> _Material provided_

⁂

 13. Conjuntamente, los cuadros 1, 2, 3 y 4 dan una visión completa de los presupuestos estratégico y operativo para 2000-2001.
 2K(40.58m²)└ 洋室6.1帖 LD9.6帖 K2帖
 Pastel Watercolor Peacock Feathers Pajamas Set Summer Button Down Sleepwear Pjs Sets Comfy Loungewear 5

⁂

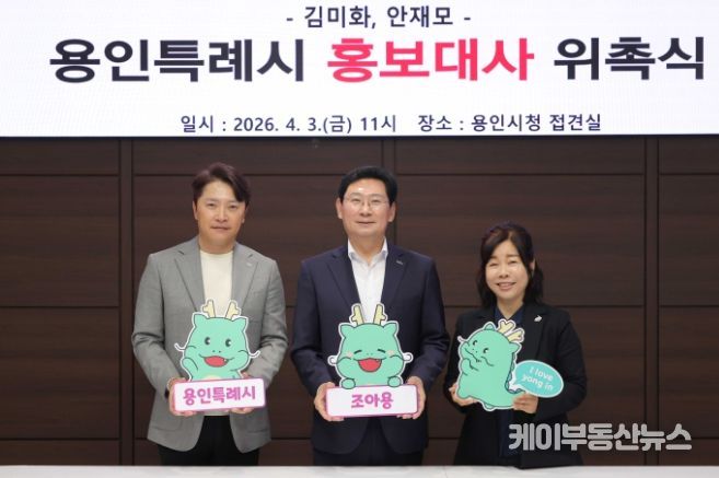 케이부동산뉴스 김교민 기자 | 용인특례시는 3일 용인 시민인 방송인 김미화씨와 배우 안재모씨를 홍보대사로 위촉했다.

⁂

Look above for the line holding "13. Conjuntamente, los", then set down exactly that line and every line after it up to and including the line holding "Pastel Watercolor Peacock", with nothing else.

> _Result of the exercise_
 13. Conjuntamente, los cuadros 1, 2, 3 y 4 dan una visión completa de los presupuestos estratégico y operativo para 2000-2001.
 2K(40.58m²)└ 洋室6.1帖 LD9.6帖 K2帖
 Pastel Watercolor Peacock Feathers Pajamas Set Summer Button Down Sleepwear Pjs Sets Comfy Loungewear 5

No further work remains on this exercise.